Questa mescolanza di esaltazione, di orgoglio di casta e comportamento eroico fino alla follia, si realizzò pienamente nella pratica dei “voti”, ossia dei giuramenti, quelle promesse solenni che avevano un significato quasi religioso. Un condottiero inglese, il conte di Salisbury, giurò di non riaprire più un occhio, coperto con una benda, finché non avesse por-

tato la distruzione in Francia, e molti lo imitarono; oppure c’era Giovanni di Faukemont che giurò di non risparmiare né convento, né altare, né donna incinta, né fanciullo, né parenti per servire re Edoardo.

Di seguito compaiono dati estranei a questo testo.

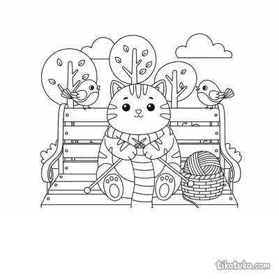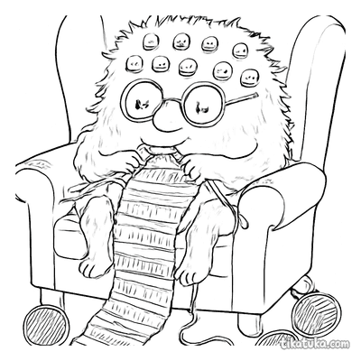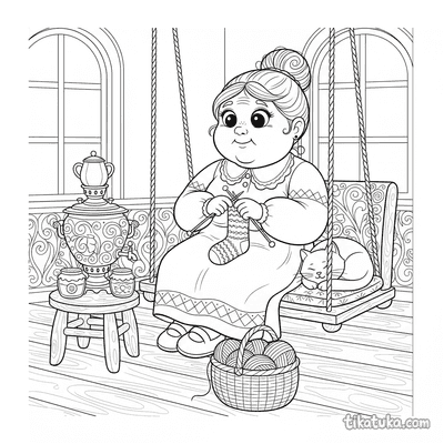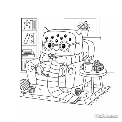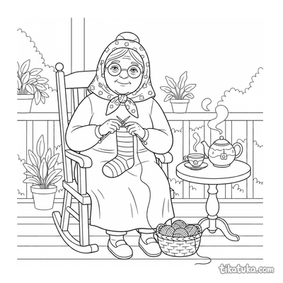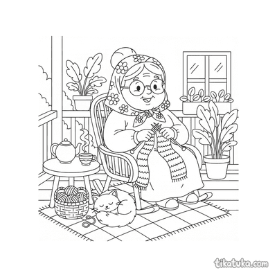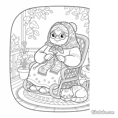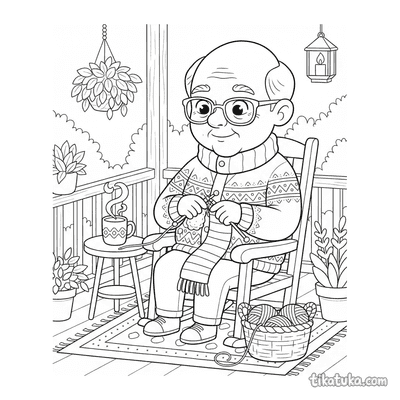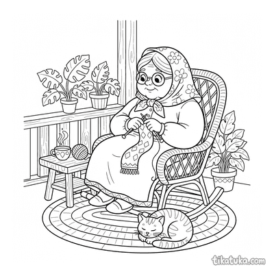 В этом разделе собраны раскраски про вязание: бабушка вяжет на веранде, дедушка — в кресле-качалке, а рядом появляются кошка со спицами и даже квадратный монстр с длинным шарфом. Сюжеты передают спокойную атмосферу рукоделия и домашнего уюта.
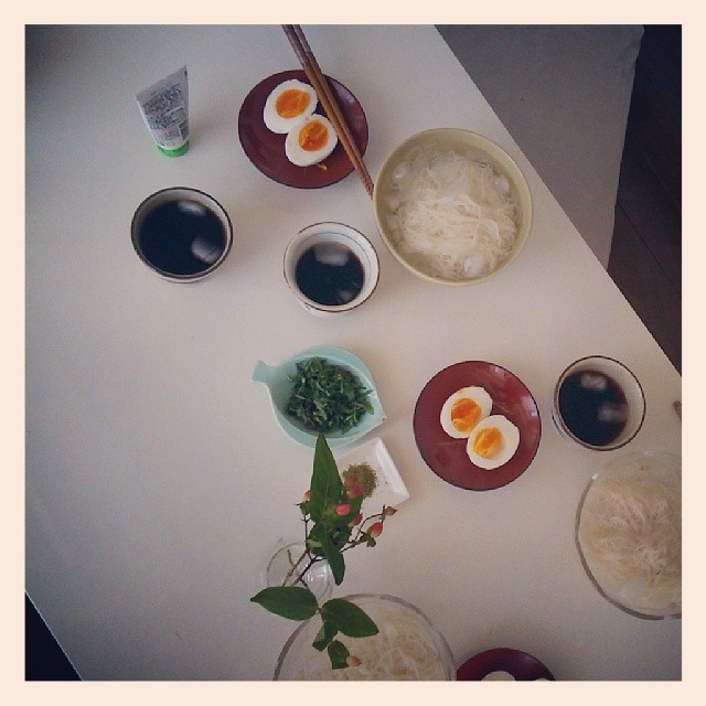 On découvre que les nouilles se mangent chaudes ou froides, plongées dans de l’eau avec des glaçons. Plutôt rafraîchissant avec les 35 ° de moyenne en juillet – août à Tokyo, voire un peu plus à Kyoto.

E ci furono anche quelli che giurarono di non tagliarsi la barba o di non sedersi mai, oppure di portare una catena ogni domenica al piede sinistro, o dei bracciali d’oro, fino a giurare di non mangiare finché non avessero incontrato gli Inglesi sul campo di battaglia

L’elenco di questi giuramenti pittoreschi sarebbe lungo, ma è da sottolineare che tutto ciò poi si trasferiva in motti, simboli araldici e leggende eroiche Senza andar troppo lontano, ricordiamo che anche il cimiero di Francesco il Vecchio da Carrara era incoronato da un saraceno alato e cornuto: le corna d’oro sarebbero state aggiunte, a quanto dicono alcuni, già dal suo antenato Umbertino I in memoria di un tradimento della moglie con Alberto della Scala, mentre le ali d’oro sarebbero state il simbolo dell’acquisizione di titoli imperiali Poi c’erano quelli che si vestivano di verde (come Amedeo VI di Savoia), di rosso (Amedeo VII di Savoia) o adottavano il nero, come il celebre Giovanni de’ Medici (detto dalle Bande Nere), morto di cancrena per un colpo di falconetto alla gamba nel novembre del 1526; una fine che già aveva colpito Gaston de Foix e Pierre Terrail de Bayard, il “cavaliere senza macchia e senza paura”.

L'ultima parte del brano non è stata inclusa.